An image-free reproduction of the data below is needed: print it exactly.

[Available data]:
──────────────────────────────

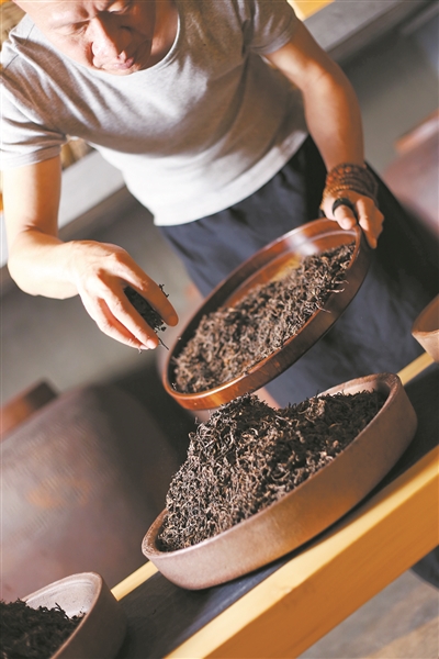 有趣的是,同样是运输途中茶叶出现变质,广州人却意外发现了加工普洱茶的奥秘。据史料记载及广东老茶人回忆,今天大名鼎鼎的“普洱茶”大约起源于清末。当时,全国各地的外销茶叶都要运来广州。其中,云南普洱的晒青茶运过来,路途少则三五个月,多则半年以上。陆路日晒雨淋,水路潮湿闷热,难免会有部分茶叶受潮,需要重新日晒加温。等到了广州,这些茶叶的外形和内质都会发生变化。广州人发现,发生变化的茶叶经冲泡后,茶汤之味厚重醇和,汤色由黄绿变得红亮,还有淡淡陈香。于是,一些人仿效此法,将晒青茶放入湿度较大的地窖储藏,或将原料加水后,装包放入仓库储存,且定期倒出来翻包透气、散热,历经一两年时间的“后发酵”,形成独具特色的“广东茶”,因原料茶叶多产自云南普洱,遂取名“普洱茶”。
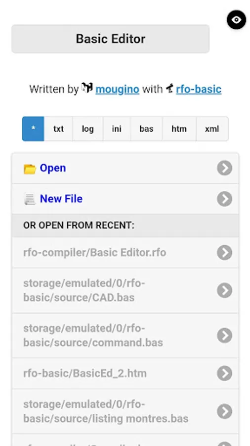 meaning a simple tap on a file with one of these extensions in your file explorer will propose to open it with the Basic Editor.
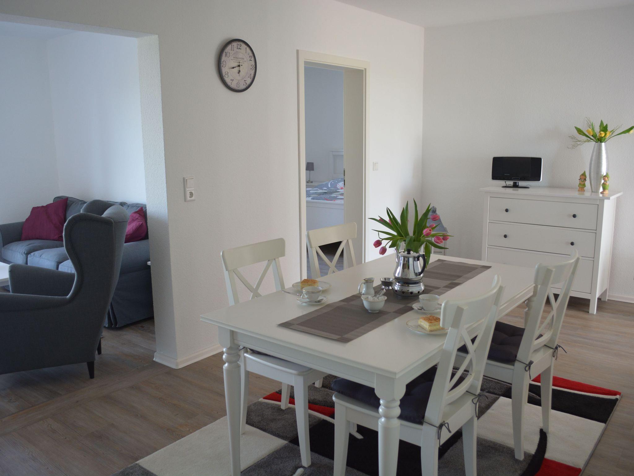 Die ebenerdige sowie modern und hell eingerichtete Ferienwohnung (ca. 68 qm) bietet Platz für bis zu 4 Personen. Sie verfügt über zwei separate Schlafzimmer (ein Schlafzimmer mit Doppelbett 1,80 m x 2,00 m und einem Schlafzimmer mit zwei Einzelbetten jeweils 0,90, x 2,00 m). Dem großzügigen Wohn- und Essbereich ist eine Küche mit E- Herd, Backofen, Geschirrspüler, Kühlschrank mit Gefrierfach, Toaster, Wasserkocher und Kaffeemaschine angegliedert. Das Bad mit ebenerdiger Dusche und WC verfügt zudem über eine Fußbodenerwärmung. SAT-TV, Stereoanlage und WLAN sind vorhanden. Kinderreisebett sowie ein Hochstuhl können zur Verfügung gestellt werden. Mit zur Ferienwohnung gehört eine separate Terrasse, welche mit Gartenmöbeln und Sonnenschirm ausgestattet ist. Der Internetzugang ist für unsere Gäste selbstverständlich kostenfrei. Wachmaschine und Wäschetrockner befinden sich ebenfalls in der Anlage und können gegen Gebühr genutzt werden. Handtücher und Bettwäsche werden einmalig gestellt (weitere Wechsel sind selbstverständlich gegen Gebühr möglich). Wir bitten im Interesse unserer allergischen Gäste um Verständnis, dass das Mitbringen von Haustieren nicht gestattet ist. Das Rauchen ist im Außenbereich möglich. Vermietung ausschließlich an Feriengäste, nicht an Firmen.

──────────────────────────────

[Answer]:
 有趣的是,同样是运输途中茶叶出现变质,广州人却意外发现了加工普洱茶的奥秘。据史料记载及广东老茶人回忆,今天大名鼎鼎的“普洱茶”大约起源于清末。当时,全国各地的外销茶叶都要运来广州。其中,云南普洱的晒青茶运过来,路途少则三五个月,多则半年以上。陆路日晒雨淋,水路潮湿闷热,难免会有部分茶叶受潮,需要重新日晒加温。等到了广州,这些茶叶的外形和内质都会发生变化。广州人发现,发生变化的茶叶经冲泡后,茶汤之味厚重醇和,汤色由黄绿变得红亮,还有淡淡陈香。于是,一些人仿效此法,将晒青茶放入湿度较大的地窖储藏,或将原料加水后,装包放入仓库储存,且定期倒出来翻包透气、散热,历经一两年时间的“后发酵”,形成独具特色的“广东茶”,因原料茶叶多产自云南普洱,遂取名“普洱茶”。
 meaning a simple tap on a file with one of these extensions in your file explorer will propose to open it with the Basic Editor.
 Die ebenerdige sowie modern und hell eingerichtete Ferienwohnung (ca. 68 qm) bietet Platz für bis zu 4 Personen. Sie verfügt über zwei separate Schlafzimmer (ein Schlafzimmer mit Doppelbett 1,80 m x 2,00 m und einem Schlafzimmer mit zwei Einzelbetten jeweils 0,90, x 2,00 m). Dem großzügigen Wohn- und Essbereich ist eine Küche mit E- Herd, Backofen, Geschirrspüler, Kühlschrank mit Gefrierfach, Toaster, Wasserkocher und Kaffeemaschine angegliedert. Das Bad mit ebenerdiger Dusche und WC verfügt zudem über eine Fußbodenerwärmung. SAT-TV, Stereoanlage und WLAN sind vorhanden. Kinderreisebett sowie ein Hochstuhl können zur Verfügung gestellt werden. Mit zur Ferienwohnung gehört eine separate Terrasse, welche mit Gartenmöbeln und Sonnenschirm ausgestattet ist. Der Internetzugang ist für unsere Gäste selbstverständlich kostenfrei. Wachmaschine und Wäschetrockner befinden sich ebenfalls in der Anlage und können gegen Gebühr genutzt werden. Handtücher und Bettwäsche werden einmalig gestellt (weitere Wechsel sind selbstverständlich gegen Gebühr möglich). Wir bitten im Interesse unserer allergischen Gäste um Verständnis, dass das Mitbringen von Haustieren nicht gestattet ist. Das Rauchen ist im Außenbereich möglich. Vermietung ausschließlich an Feriengäste, nicht an Firmen.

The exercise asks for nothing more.